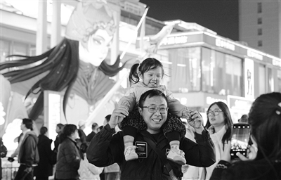 近日,河北省石家庄市新华区第三届湾里庙灯会在湾里庙步行街举行亮灯仪式,人们来这里赏灯游玩、购物休闲。近年来,石家庄市着力培育夜经济新场景新业态,打造集美食、娱乐、购物等于一体的夜经济消费圈,丰富市民夜生活。图为游客在湾里庙步行街彩灯前拍照。新华社发
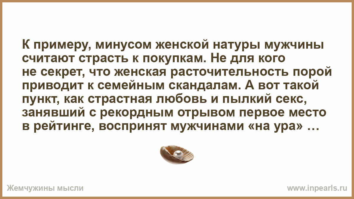 К примеру, минусом женской натуры мужчины считают страсть к покупкам. Не для кого не секрет, что женская расточительность порой приводит к семейным скандалам. А вот такой пункт, как страстная любовь и пылкий секс, занявший с рекордным отрывом первое место в рейтинге, воспринят мужчинами «на ура» — ведь представители мужской половины человечества считают, что все проблемы можно решить с помощью секса. Итак, какие же женские страсти мужчины считают недостатками? Секреты несовместимости мужской и женской психологий мы попробуем раскрыть в этой главе.
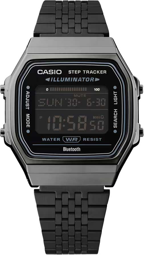 Без сомнения эти часы найдут поклонников среди тех, кто ищет функциональные аксессуары в винтажном стиле. Функциональная новинка в серии Vintage. Унисекс часы. Циферблат подсвечивается ярким светодиодом. Настраиваемое послесвечение 1,5 или 3сек. Цвет подсветки: оранжевый. Второй часовой пояс. 12-ти и 24-х часовой формат времени. Секундомер с двумя точностями показаний: 1/100с (до 1ч) и 1с (после 1ч) и временем измерения 24ч. Память на 200 этапов (дата, время, время круга). SPLIT-хронограф. Таймер обратного отсчета от 1сек до 1ч. Шагомер измеряет количество шагов от 0 до 999999. Установка цели в диапазоне от 1000 до 50000 шагов. Звуковое напоминание об отсутствии активности и достижении цели. Отображение пройденных шагов за последние 7ч на 6-ти уровневом графике. Беспроводная технология Bluetooth® со сверхнизким потреблением энергии для синхронизации со смартфоном. При подключении к смартфону часы корректируют текущее время и упрощают настройку различных функций из приложения, таких как мировое время (до 300 городов), данные о количестве шагов, секундомера и др. Функции отключения/включения звука, поиска телефона, энергосбережения и оповещения о низком заряде батареи. Батарея рассчитана на 2 года. Стальная задняя крышка крепится на 4-х винтах. Стальной браслет с регулируемой застежкой.
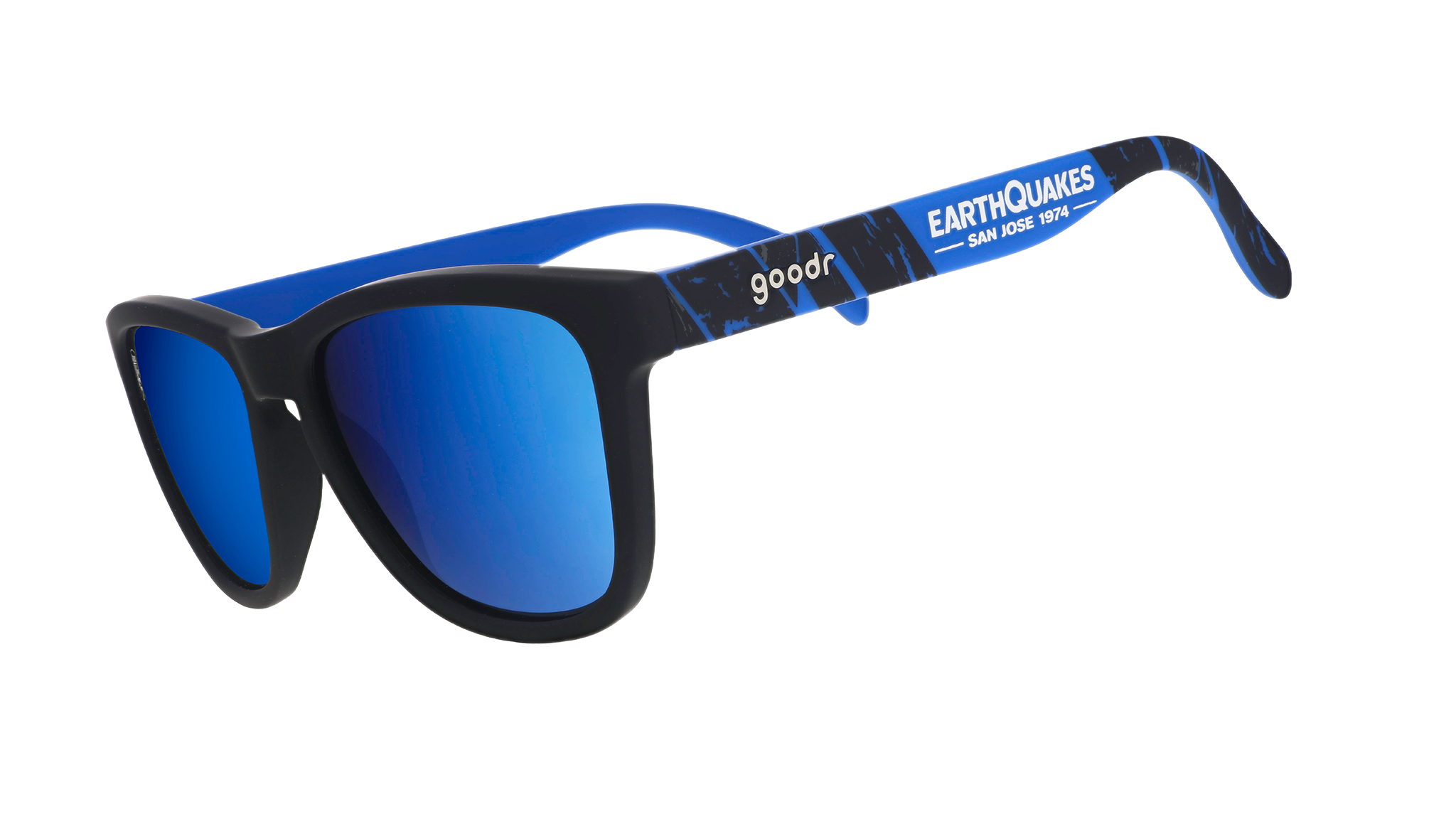 Did you feel that? There's an earthquake coming. San Jose Earthquakes, that is. And even if two blocks of the Earth's crust suddenly slip past one another, ripping the ground apart, these sunglasses won't slip or bounce. Featuring blue and black frames and blue reflective lenses. Plus, they come with Major League Soccer packaging, so your delivery person knows you're a serious fan.
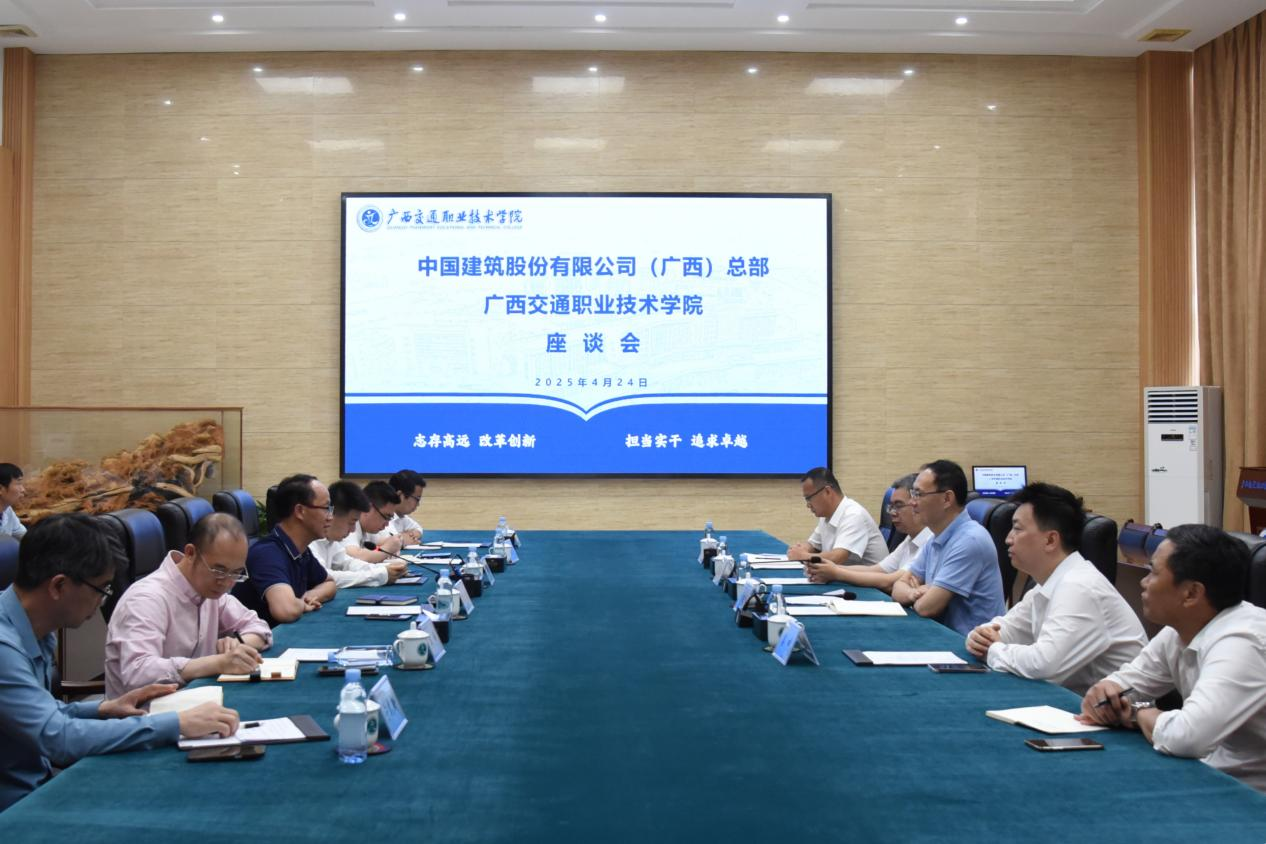座谈交流中,李文勇校长对中国建筑股份有限公司(广西)总部领导的到来表示热烈欢迎,并简要介绍了学校的基本情况、办学特色以及近年来在教育教学、科研创新等方面取得的成绩。中国建筑股份有限公司(广西)总部董事长刘延峰介绍了公司基本情况与此行调研的目的。双方就产教融合共同体建设、人工智能和低空经济技术研发与创新合作事宜进行沟通交流,达成进一步合作的共识。
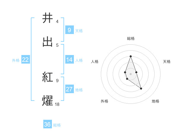 井出 紅燿さんの総格は36画の3点!

◆ Exercise aim
Treating the line with "Без сомнения эти" as the last line to include, retype the records exactly from their first line, excluding pictures.

◆ Output of the task
 近日,河北省石家庄市新华区第三届湾里庙灯会在湾里庙步行街举行亮灯仪式,人们来这里赏灯游玩、购物休闲。近年来,石家庄市着力培育夜经济新场景新业态,打造集美食、娱乐、购物等于一体的夜经济消费圈,丰富市民夜生活。图为游客在湾里庙步行街彩灯前拍照。新华社发
 К примеру, минусом женской натуры мужчины считают страсть к покупкам. Не для кого не секрет, что женская расточительность порой приводит к семейным скандалам. А вот такой пункт, как страстная любовь и пылкий секс, занявший с рекордным отрывом первое место в рейтинге, воспринят мужчинами «на ура» — ведь представители мужской половины человечества считают, что все проблемы можно решить с помощью секса. Итак, какие же женские страсти мужчины считают недостатками? Секреты несовместимости мужской и женской психологий мы попробуем раскрыть в этой главе.
 Без сомнения эти часы найдут поклонников среди тех, кто ищет функциональные аксессуары в винтажном стиле. Функциональная новинка в серии Vintage. Унисекс часы. Циферблат подсвечивается ярким светодиодом. Настраиваемое послесвечение 1,5 или 3сек. Цвет подсветки: оранжевый. Второй часовой пояс. 12-ти и 24-х часовой формат времени. Секундомер с двумя точностями показаний: 1/100с (до 1ч) и 1с (после 1ч) и временем измерения 24ч. Память на 200 этапов (дата, время, время круга). SPLIT-хронограф. Таймер обратного отсчета от 1сек до 1ч. Шагомер измеряет количество шагов от 0 до 999999. Установка цели в диапазоне от 1000 до 50000 шагов. Звуковое напоминание об отсутствии активности и достижении цели. Отображение пройденных шагов за последние 7ч на 6-ти уровневом графике. Беспроводная технология Bluetooth® со сверхнизким потреблением энергии для синхронизации со смартфоном. При подключении к смартфону часы корректируют текущее время и упрощают настройку различных функций из приложения, таких как мировое время (до 300 городов), данные о количестве шагов, секундомера и др. Функции отключения/включения звука, поиска телефона, энергосбережения и оповещения о низком заряде батареи. Батарея рассчитана на 2 года. Стальная задняя крышка крепится на 4-х винтах. Стальной браслет с регулируемой застежкой.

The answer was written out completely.